**Work order**
In the material below, pictures must be dropped. Repeat exactly, and only, the lines from the line with "Ezzel a Delock" to the line with "3、接着点击【停止智慧语音服务】,选择停止服务即可。", both ends included.

───── Available data

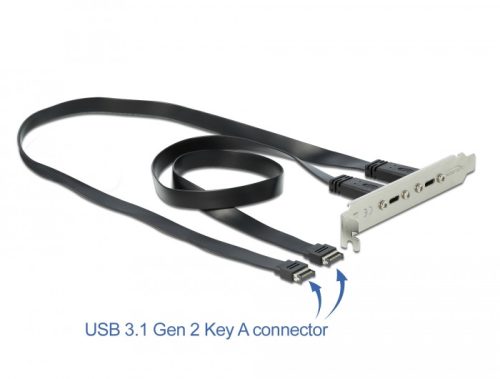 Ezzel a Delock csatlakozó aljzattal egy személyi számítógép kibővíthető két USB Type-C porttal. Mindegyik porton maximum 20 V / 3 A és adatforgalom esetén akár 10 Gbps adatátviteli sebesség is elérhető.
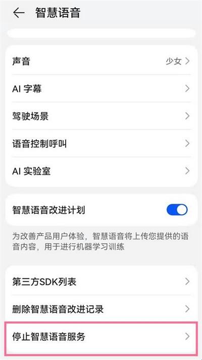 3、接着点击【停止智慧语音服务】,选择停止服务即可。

──────────
───── Available data

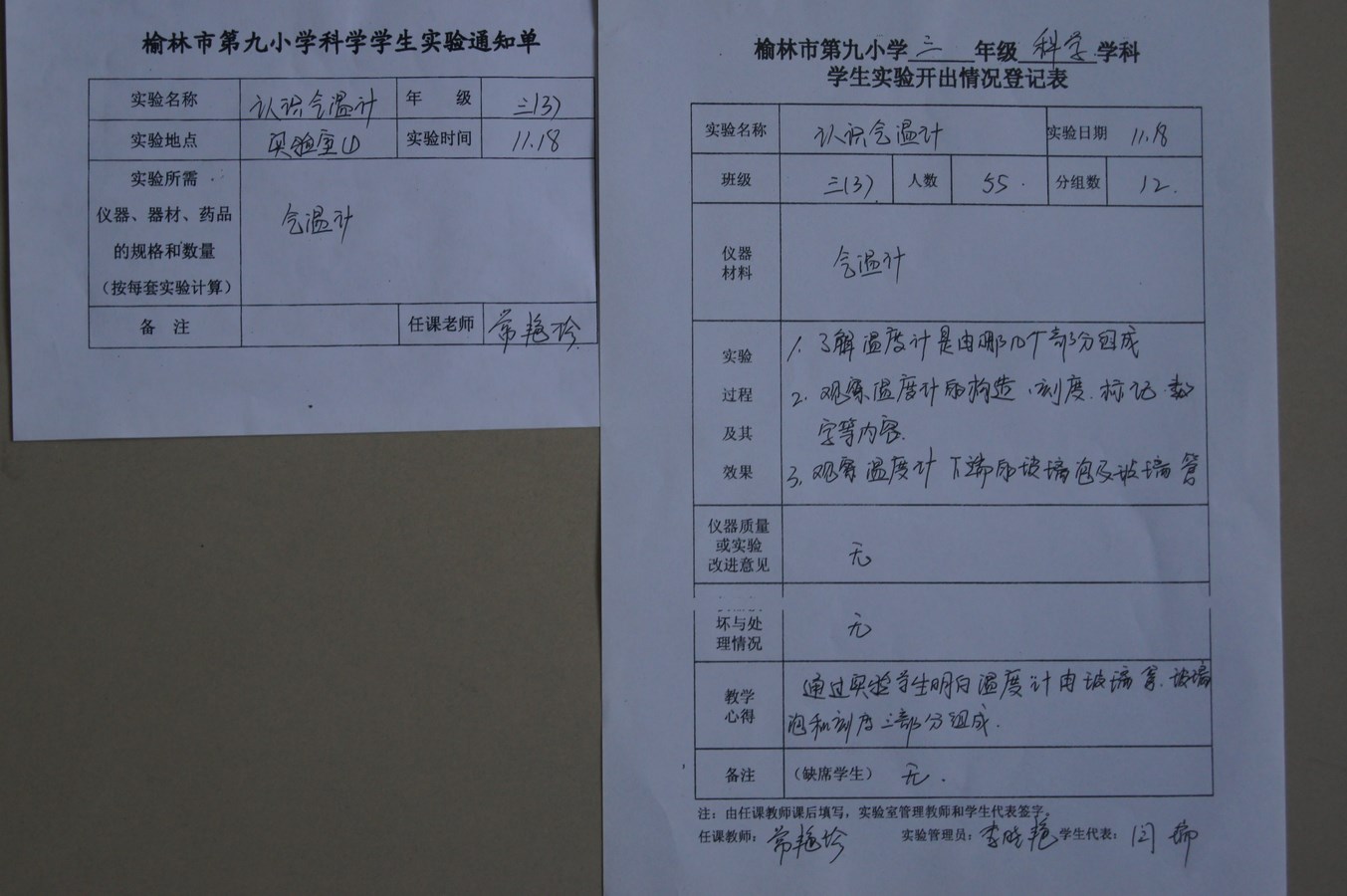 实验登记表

──────────

**Exercise result**
 Ezzel a Delock csatlakozó aljzattal egy személyi számítógép kibővíthető két USB Type-C porttal. Mindegyik porton maximum 20 V / 3 A és adatforgalom esetén akár 10 Gbps adatátviteli sebesség is elérhető.
 3、接着点击【停止智慧语音服务】,选择停止服务即可。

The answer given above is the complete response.